Горький, как известно, довольно часто занимается теперь писанием воспоминаний о разных известных покойниках. Иные из них снабжены всяческими лирическими отступлениями, сентенциями, мудрствованиями. И к таким принадлежат, например, недавно им опубликованные в «Красной нови» воспоминания о Гарине-Михайловском. И читая их, истинно диву даешься: да как же это можно на старости лет говорить с такой развязностью, ухмыляясь, такие пошлости!
— Изредка, — вещает Горький, — в мире нашем являются люди, коих я назвал бы веселыми праведниками…
— Я думаю, что родоначальником их следует признать не Христа, который, по свидетельству Евангелий, был все-таки немножко педант. Родоначальник веселых праведников есть, вероятно, Франциск Ассизский, великий художник любви к жизни…
У Чехова помещик Гаевский говорит своему лакею:
— Отойди, братец, от тебя курицей пахнет!
А чем пахнет от этих рассуждений о «педанте» Христе и о «художнике» Франциске Ассизском? Одно хочется сказать:
— Отойди, братец, поскорее и подальше отойди!
А в Париж приехал Луначарский, разжиревший на советских хлебах, сопутствуемый одной из своих супруг, тоже, вероятно, довольно упитанной… И вспомнилось, как некогда тощ и убог был этот теперешний вельможа, как околачивался он возле Горького на Капри, среди прочих лодырей и жуликов, из которых состояла тогда известная «коммунистическая школа», руководимая и питаемая Горьким… И как этот Луначарский, заядлый не только коммунист, но и эстет, читал над гробиком своего умершего первенца «Литургию Красоты» Бальмонта…
Кстати:
В прошлом году Горький в «Вечерней Красной газете» напечатал статейку по поводу того, что я, рассказывая в Париже о собаке старика нищего, убитого красноармейцами, которая после того яростно кидалась на всех красноармейцев, заключил свой рассказ пожеланием, чтобы и во мне не угасала подобная же ненависть «к русскому Каину». — Горький тогда писал:
«Моралистам Бунин дал хороший повод говорить о слепоте ненависти. Остроумные люди, вероятно, очень посмеются над мольбой культурного человека и прекрасного писателя, который дожил до того, что вот, предпочитает собачье бешенство человеческим чувствам…»
Пользуюсь случаем ответить Горькому: да, остроумный милостивый государь, дожил.
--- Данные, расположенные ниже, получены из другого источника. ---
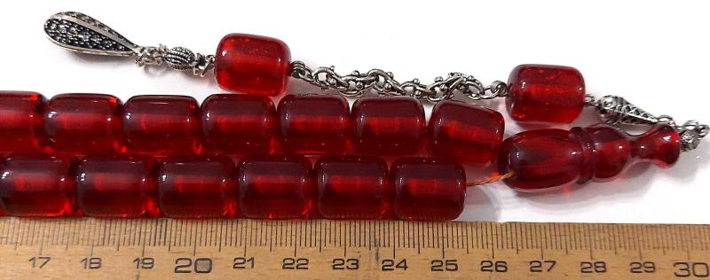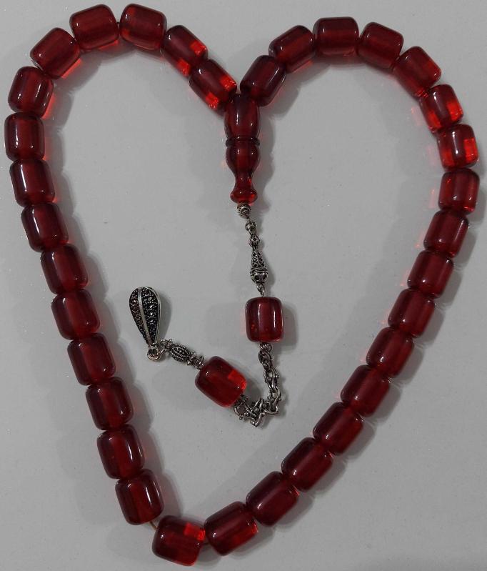 OSMANLI DÖNEMİ OBJEDEN YAPILMA PARLAK VİŞNE RENKLİ MUHTEŞEM SIKMA KEHRİBAR TESPİH GÜMÜŞ PÜSKÜLLÜ YEDEK DANELİ T3RR1A2 ÇOK NADİR başlıklı antika/koleksiyon objesinin menşei belirtilmemiştir. 1900-1949 arası dönemine aittir.
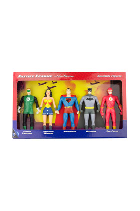 NJ Croce presenta este pack de 5 figuras flexibles hechas en PVC, basadas en los personajes Batman, Superman, Green Lantern, Wonder Woman y Flash de Justice League: The New Frontier del Universo DC.
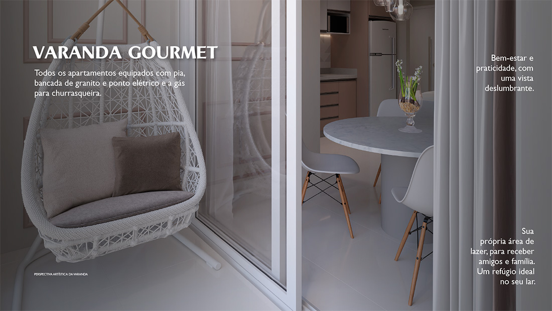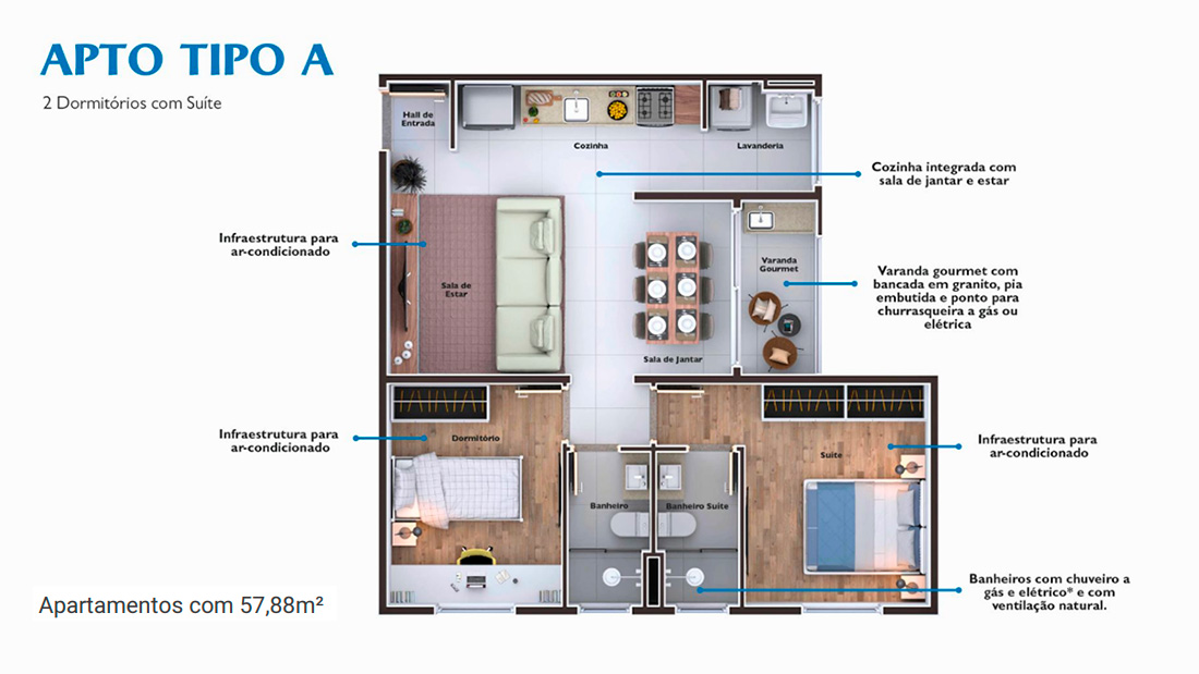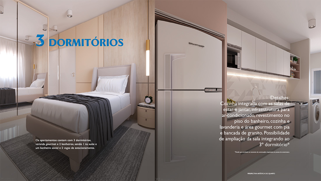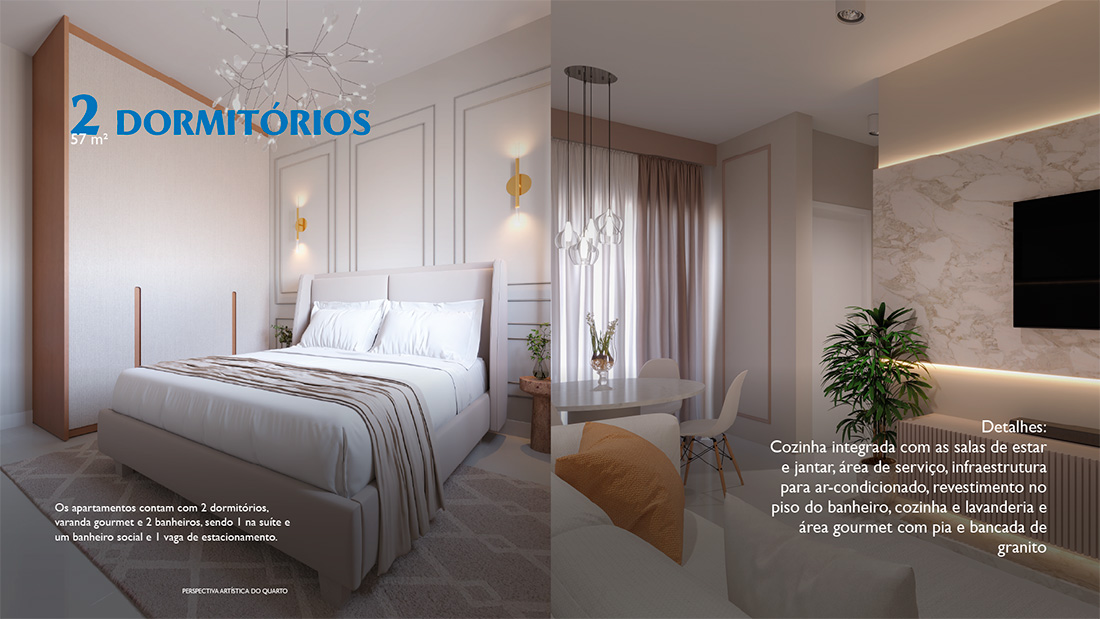 Uma cozinha integrada às áreas de estar e jantar, infraestrutura para ar-condicionado, revestimento de piso em áreas-chave como banheiro, cozinha e lavanderia, além de uma área gourmet equipada com pia e bancada de granito. Opção de ampliação da sala através da integração com um terceiro quarto.
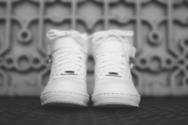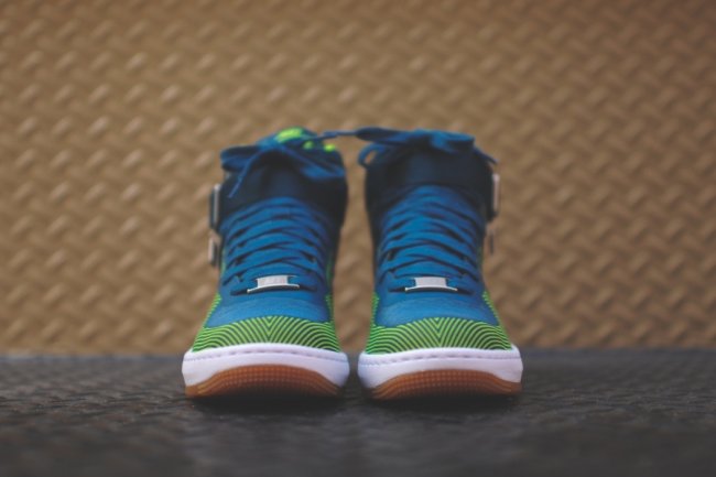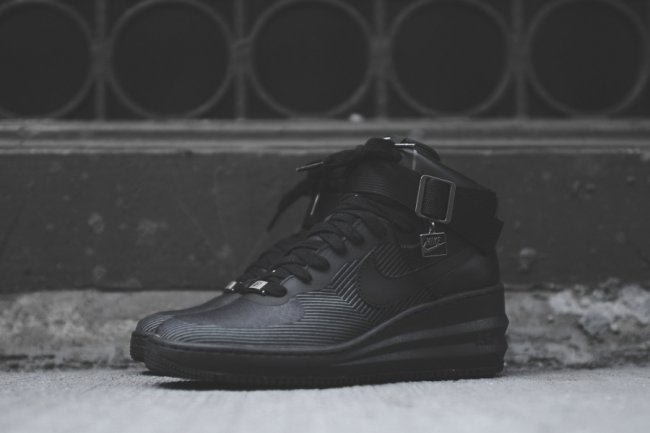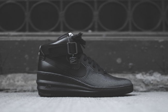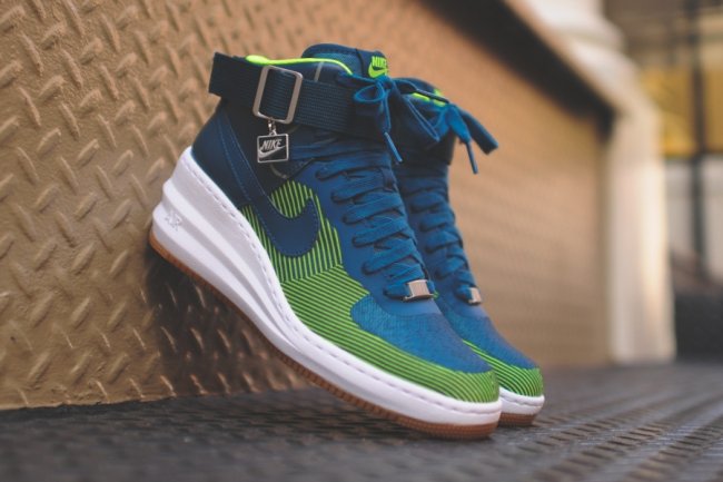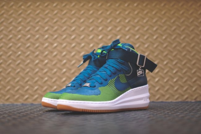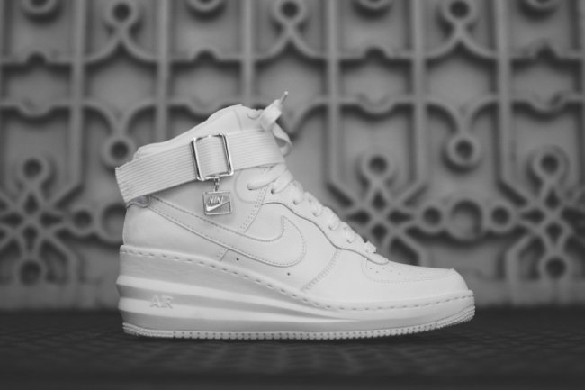 Nike坡跟鞋款多添一双Lunar Force 1 Sky Hi,鞋身保留Air Force 1的经典线条,中底改为Lunarlon坡跟设计,兼顾时尚感以及舒适感。白色皮革版本货号654848-100,黑色织物鞋面版本货号654849-001,蓝/荧光绿色货号654849-400,三款现均已发售。
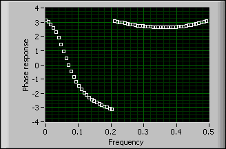 Vous pouvez appliquer le VI Dérouler une phase à la réponse en phase calculée pour un système sans variable temporelle linéaire. La réponse en phase est définie comme l'angle complexe de la réponse en fréquence d'un système. Vous calculez la réponse en phase en angles compris entre [–pi, pi] ou, autrement dit, en angles dans un cercle de 2*pi radians. Comme les multiples de 2*pi sont enroulés lorsque vous calculez la réponse en phase, il y a souvent des discontinuités dans la réponse en phase entre deux intervalles de fréquence adjacents.
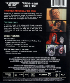 Widescreen. In Someone's Knocking at the Door, a pair of outrageously twisted serial killers used shocking, brutal acts to start killing off a group of drugged-out med students. In The Deep Ones, a married couple rents out a beachside Airbnb to discover that they are in the grip of a mysterious cult and the ancient sea god that they worship. Not Rated. 163 minutes.
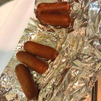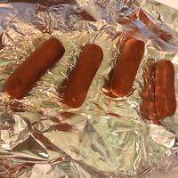 - 2 アルミホイルを敷いた天板に1のウインナーをのせ、オーブントースターで焼き色がつくまで5分程度焼きます。
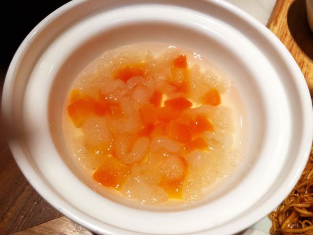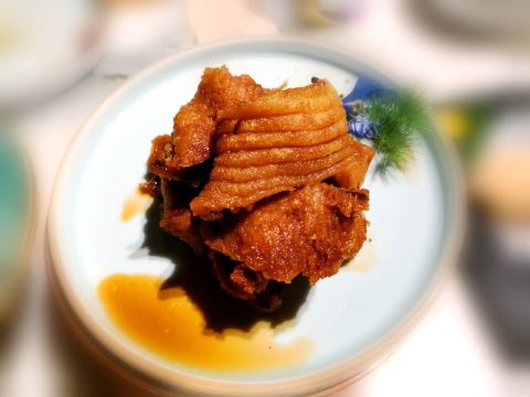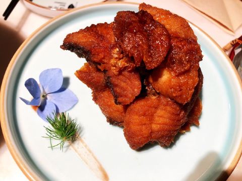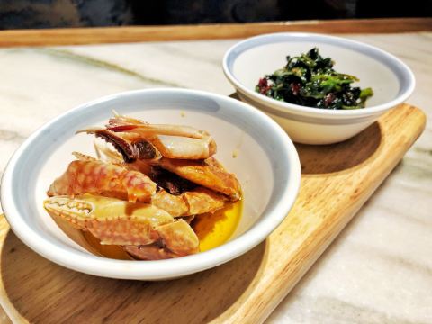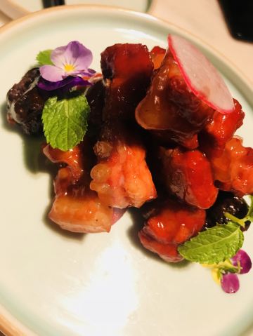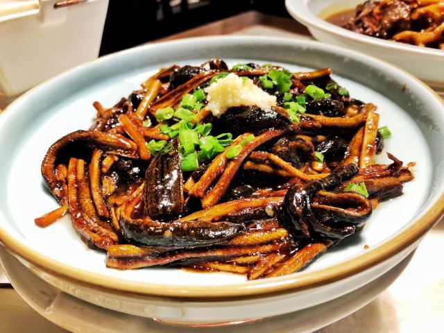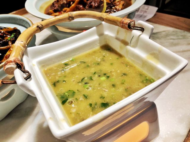 马小洒江南风的雅致环境和本帮菜,服务也还不错的,等位还给了精致的水果篮消磨时间。餐厅不大,座位略有些局促。 上海熏鱼,他家做的不是很出色,略干瘪没味道。 烤菜拼蟹钳,蟹钳朋友特别喜欢,用酒浸渍很提味,上海菜里面的醉蟹也是超级爱的一道菜。 响油鳝丝,份量正合适,味道上觉得我欠缺点黑胡椒的鲜味。 脆笋烧牛肉和蟹肉清炒芦笋,整体味道都还行,但是笋不是很嫩,品质算是一般吧。芦笋还是清脆爽口的。 朱桥甲鱼羹,对甲鱼其实有点抵触,不是很喜欢吃,不会这个汤羹做的挺好的,不会有什么怪味道,香菜碎正好丰富了口感。 葱油拌面, 他家的拌面味道不错,筋道,不怎么吃主食的朋友都妥妥吃下去半盘。

Дожил при вашей доброй помощи, — при помощи ваших друзей, Дзержинских и Луначарских, вместе с вами утверждающих во всем мире такую «слепоту ненависти», которой мир еще никогда не видывал. Дожил до тех дней, когда, как сказал мне один сербский епископ, «стало человеку стыдно поднять глаза на животное и зверя». И не вам, чекистам, заноситься над собаками, и особенно над собакой этого нищего старика, убитого вашим доблестным воинством для потехи. И ничуть не бешеная она была, и не бешенство я предпочитаю «человеческим чувствам» — хотя уж какие там человеческие чувства могут быть у нас к вам! — и не слепоту проповедовал я, а именно ненависть, вполне здравую и, полагаю, довольно законную.
«Остроумные люди, вероятно, очень посмеются над мольбой культурного человека…» Интересно знать, почему, собственно, надо быть остроумным, чтобы над этой мольбой смеяться? По-моему, для этого надо быть скорее большой тупицей, которой и в голову не приходит самый простой вопрос: да как же в самом деле случилось, что «культурный человек и прекрасный писатель» «дожил до того, что вот, предпочитает собачье бешенство человеческим чувствам»?
Впрочем, что ж взять с Горького? Он всегда был склонен к остроумию, к снисходительной усмешке. Чекисты ходили по колено в крови в своих подвалах, а он усмехался, он трунил, он похлопывал нас по плечу, он писал, — буквально так:
— Спешу успокоить напуганных мещан: Ленин очень не чужд добродушного смеха, в его глазах часто вспыхивает огонек чисто женской нежности…
Да и что ж ему, в самом деле, горевать, сидя в Сорренто? Им теперь всем вольготно и весело. Горький посмеивается, потягивая итальянское винцо, Луначарский сладко ухмыляется в монмартрских кабаках, Маяковский, — тот самый Маяковский, которого еще в гимназии звали Идиот Полифемович, — ржет то в Париже, то в Праге…
Кстати, о Праге. Нам пишут: «А в Праге Сейфуллина… И как-то на днях ее спросили, интересуются ли в России писателями-эмигрантами, и она ответила: „да, конечно, — вот недавно „Митину любовь“ перевели…“»
Обмолвка? Обмолвка во всяком случае замечательная!